Your instructions. Of the lines in the data below, write out exactly those from the one holding "付思蕊 2021级地理科学汉授三班 在天津市北辰区西头镇姚庄子村维持现场秩序,录入人员信息。" through the one holding "Pulsera Minimalista de", both included.

Data.
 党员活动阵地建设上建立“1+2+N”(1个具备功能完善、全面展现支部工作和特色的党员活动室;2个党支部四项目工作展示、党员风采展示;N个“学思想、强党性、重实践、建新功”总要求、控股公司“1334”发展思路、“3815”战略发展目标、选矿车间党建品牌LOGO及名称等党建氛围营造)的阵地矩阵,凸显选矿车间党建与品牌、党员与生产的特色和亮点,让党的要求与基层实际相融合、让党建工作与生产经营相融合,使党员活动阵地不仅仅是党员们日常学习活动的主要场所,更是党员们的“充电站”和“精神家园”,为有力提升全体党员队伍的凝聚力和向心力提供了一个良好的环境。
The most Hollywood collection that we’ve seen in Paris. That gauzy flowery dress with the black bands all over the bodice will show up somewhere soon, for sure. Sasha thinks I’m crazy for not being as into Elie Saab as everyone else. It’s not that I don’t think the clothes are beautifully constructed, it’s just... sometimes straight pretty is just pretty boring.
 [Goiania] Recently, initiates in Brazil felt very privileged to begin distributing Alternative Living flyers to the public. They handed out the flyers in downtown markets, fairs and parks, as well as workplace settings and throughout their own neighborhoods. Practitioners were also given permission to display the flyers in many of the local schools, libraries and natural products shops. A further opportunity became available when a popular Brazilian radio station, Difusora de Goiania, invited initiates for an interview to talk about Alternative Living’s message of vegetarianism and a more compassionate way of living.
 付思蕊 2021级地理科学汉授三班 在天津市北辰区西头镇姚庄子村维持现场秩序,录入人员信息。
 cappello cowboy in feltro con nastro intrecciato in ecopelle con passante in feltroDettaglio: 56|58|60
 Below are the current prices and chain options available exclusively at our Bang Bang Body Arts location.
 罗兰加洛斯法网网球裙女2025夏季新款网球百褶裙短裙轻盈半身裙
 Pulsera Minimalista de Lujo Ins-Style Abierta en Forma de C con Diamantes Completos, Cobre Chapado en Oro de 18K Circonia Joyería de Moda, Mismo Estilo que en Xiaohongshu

--

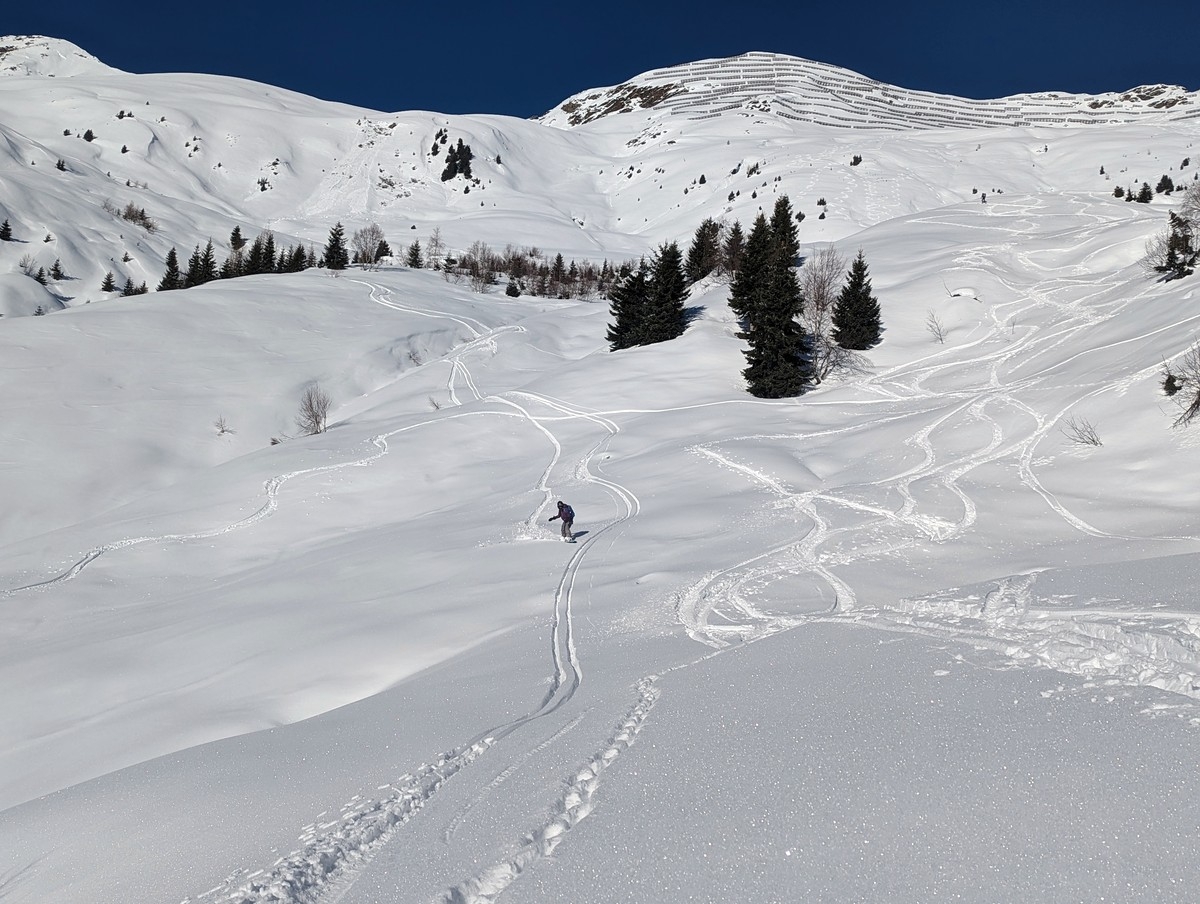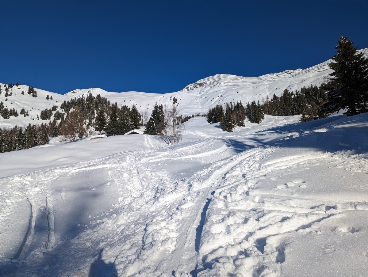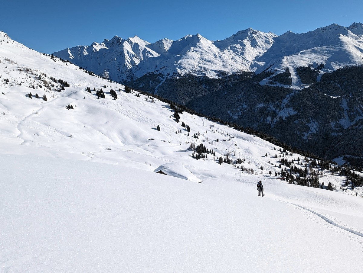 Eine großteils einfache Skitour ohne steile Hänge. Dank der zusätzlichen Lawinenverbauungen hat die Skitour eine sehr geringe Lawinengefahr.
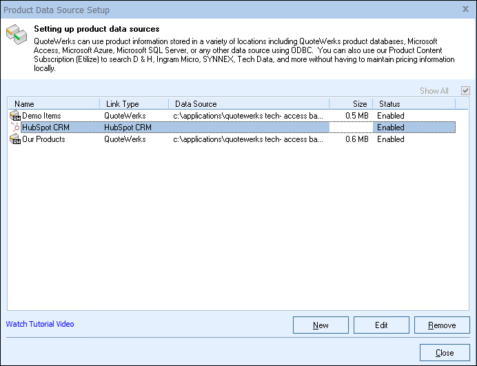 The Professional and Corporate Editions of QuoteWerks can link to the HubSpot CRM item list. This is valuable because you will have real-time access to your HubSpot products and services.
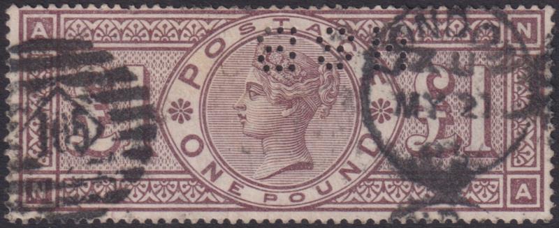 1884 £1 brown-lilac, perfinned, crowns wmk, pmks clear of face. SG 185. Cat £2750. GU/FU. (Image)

Response below.
 付思蕊 2021级地理科学汉授三班 在天津市北辰区西头镇姚庄子村维持现场秩序,录入人员信息。
 cappello cowboy in feltro con nastro intrecciato in ecopelle con passante in feltroDettaglio: 56|58|60
 Below are the current prices and chain options available exclusively at our Bang Bang Body Arts location.
 罗兰加洛斯法网网球裙女2025夏季新款网球百褶裙短裙轻盈半身裙
 Pulsera Minimalista de Lujo Ins-Style Abierta en Forma de C con Diamantes Completos, Cobre Chapado en Oro de 18K Circonia Joyería de Moda, Mismo Estilo que en Xiaohongshu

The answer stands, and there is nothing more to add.